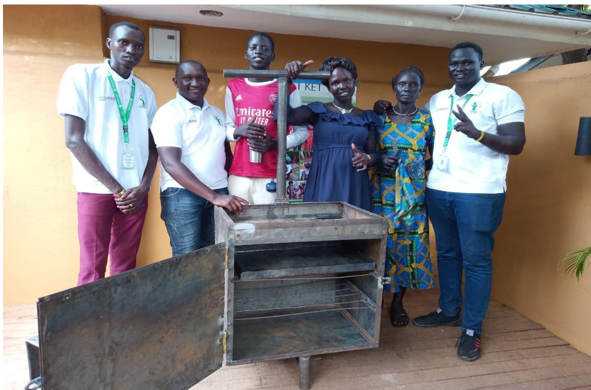
Figure 6: Photograph of the oven after refinement

The technologies were refined by teams of CCB participants from different project sites, a CCB Facilitator and a Facilitator. The teams reviewed the current state of the technologies, built a sketch model using cardboard and other materials, and received feedback from the team, other teams and Facilitators. For example, to increase the mobility of the oven, wheels and a longer handle were added to make it easier to move. To improve its functionality, a provision was added for firewood at the top and bottom, and a lock was added to keep the heat inside.
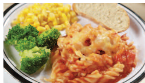
Cheese & Tomato Pasta served with Garlic & Herb Bread and Seasonal Vegetables
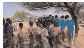
A warm welcome for the Blackrock students at Nado Enterit Primary School
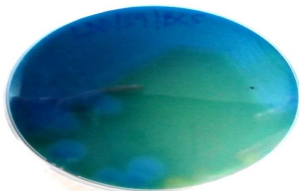
Fig. 1: Typical B. cereus colony

Food wise analysis for the presence of B. cereus is shown in Table 2. More than half of the analyzed samples were contaminated with B. cereus . In terms of percentage of samples contaminated, soan papdi ranked the top while ghugni samples were least contaminated. Of all the samples, laddu possessed both highest (3x10 6 cfu g -1 ) and lowest (1x10 3 cfu g -1 ) B. cereus count. Average B. cereus count of the three types of foods considering the positive samples only revealed that soan papdi samples contained highest mean B. cereus count of 6x10 5 cfu g -1 . Similarly lowest mean B. cereus count of 3x10 5 cfu g -1 was reported from ghugni samples.
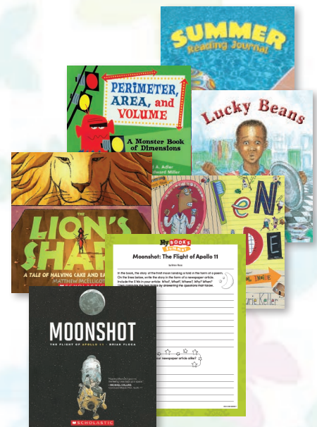
Grade 3 STEM Pack Pictured

Please refer to the order form on the following page for additional details on these summer solutions. For more information on these resources and our other comprehensive solutions, or to make an appointment to discuss the unique needs of your students, please contact:
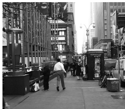
▲ Paramount Plaza, New York, New York, Pedestrian Tunnel Leak Investigation.
◇ ◇ ◇ ◇
What you will do - Produce the material above again in full, with identical lines and no pictures.

The completed task -
Figure 6: Photograph of the oven after refinement

The technologies were refined by teams of CCB participants from different project sites, a CCB Facilitator and a Facilitator. The teams reviewed the current state of the technologies, built a sketch model using cardboard and other materials, and received feedback from the team, other teams and Facilitators. For example, to increase the mobility of the oven, wheels and a longer handle were added to make it easier to move. To improve its functionality, a provision was added for firewood at the top and bottom, and a lock was added to keep the heat inside.
Cheese & Tomato Pasta served with Garlic & Herb Bread and Seasonal Vegetables
A warm welcome for the Blackrock students at Nado Enterit Primary School
Fig. 1: Typical B. cereus colony

Food wise analysis for the presence of B. cereus is shown in Table 2. More than half of the analyzed samples were contaminated with B. cereus . In terms of percentage of samples contaminated, soan papdi ranked the top while ghugni samples were least contaminated. Of all the samples, laddu possessed both highest (3x10 6 cfu g -1 ) and lowest (1x10 3 cfu g -1 ) B. cereus count. Average B. cereus count of the three types of foods considering the positive samples only revealed that soan papdi samples contained highest mean B. cereus count of 6x10 5 cfu g -1 . Similarly lowest mean B. cereus count of 3x10 5 cfu g -1 was reported from ghugni samples.
Grade 3 STEM Pack Pictured

Please refer to the order form on the following page for additional details on these summer solutions. For more information on these resources and our other comprehensive solutions, or to make an appointment to discuss the unique needs of your students, please contact:
▲ Paramount Plaza, New York, New York, Pedestrian Tunnel Leak Investigation.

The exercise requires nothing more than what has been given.